UAMS Hosts Lawmakers for Broadband Grant Update

By Nate Hinkel

 Curtis Lowery, M.D., talks with Rep. Mike Patterson prior to an overview given to a legislative panel on UAMS' $102 million federal broadband grant.

UAMS Chancellor Dan Rahn, M.D., poses with the Joint Advanced Communications and Information Technology Committee of the Arkansas State Legislature.
Lowery told the committee he believes in the broadband buildout

 Lowery told lawmakers that an expanded network will give all people the same access to quality health care.

 

Feb. 14, 2011 | A joint state legislative committee met at the University of Arkansas for Medical Sciences (UAMS) Feb. 14 to receive an update and status report on one of the largest federal grants ever received by an educational institution in the state and for its plans to implement the groundbreaking statewide broadband network.

Rep.

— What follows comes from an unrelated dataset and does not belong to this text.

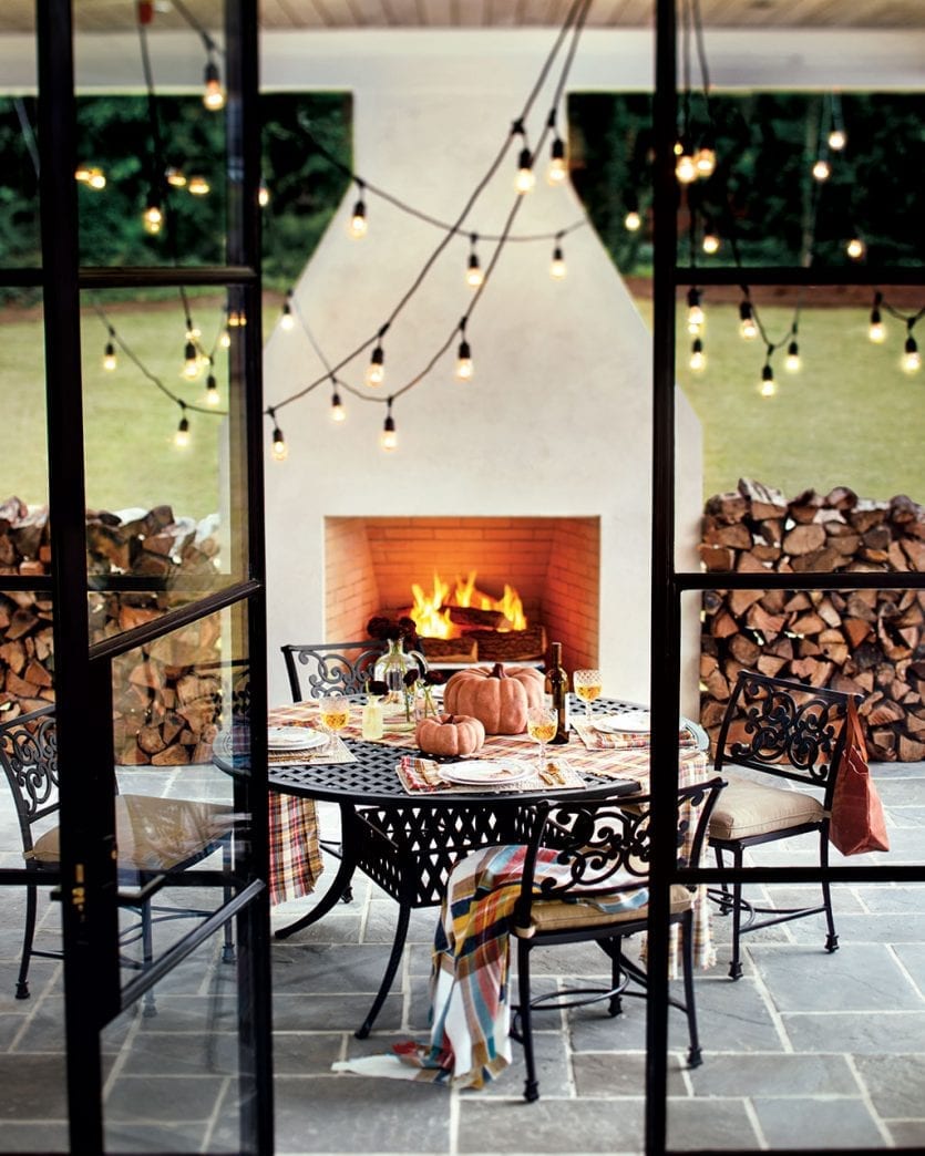 As the weather cools, there’s no reason you can’t keep using your outdoor space. Bring in a freestanding fire pit or strike up a crackling fire in your outdoor fireplace. The key is not to forget all of the accoutrements — throw blankets, candles, and other cozy details to draw you outdoors.

Mike Patterson of Piggott, chair of the House Committee on Advanced Communications and Information Technology, told committee members and UAMS officials that the face of health care in Arkansas is about to change.

“We believe 100 percent in the excellent job UAMS is doing with implementing this grant and understand what is at stake for the people of this state,” Patterson said. “Many lives will be changed by having one of the best-connected health care systems in the country.”

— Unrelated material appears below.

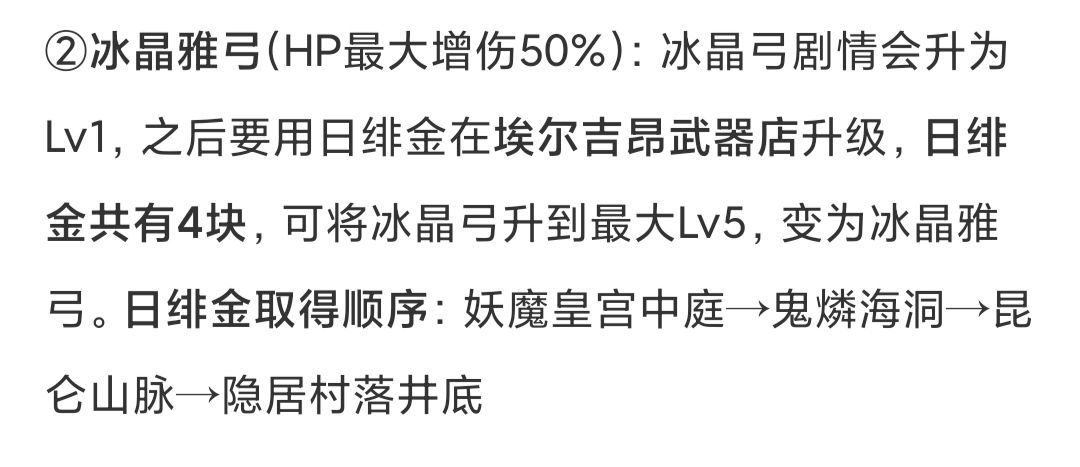 拿到熟练切割需要收集日绯金,强化冰晶弓至5级

UAMS hosted the joint committee Monday on campus as Curtis Lowery, M.D., the grant’s principal investigator and chairman of the UAMS Department of Obstetrics and Gynecology, explained the grant’s potential reach while taking questions from the committee.

Last summer federal and state government officials, alongside leaders at UAMS and various integral state agencies, announced a $102 million federal grant to establish or upgrade broadband connections at 474 health care and education sites across the state.

The $102,131,393 grant was funded by the American Recovery and Reinvestment Act and will allow the installation of fiber connections and bandwidth upgrades in all 75 counties and in 135 Arkansas communities, including 81 Arkansas hospitals, all two-year colleges, eight public libraries, all state human development centers, the state’s trauma network, the majority of community health centers, mental health clinics and home health agencies.

“I see firsthand how lives are changed by sharing knowledge through technology,” Lowery told the lawmakers. “An expanded network that allows us to do that on a very large scale will give all people the same access to quality health care. That’s kind of the whole idea behind this, and one that I believe in very much.”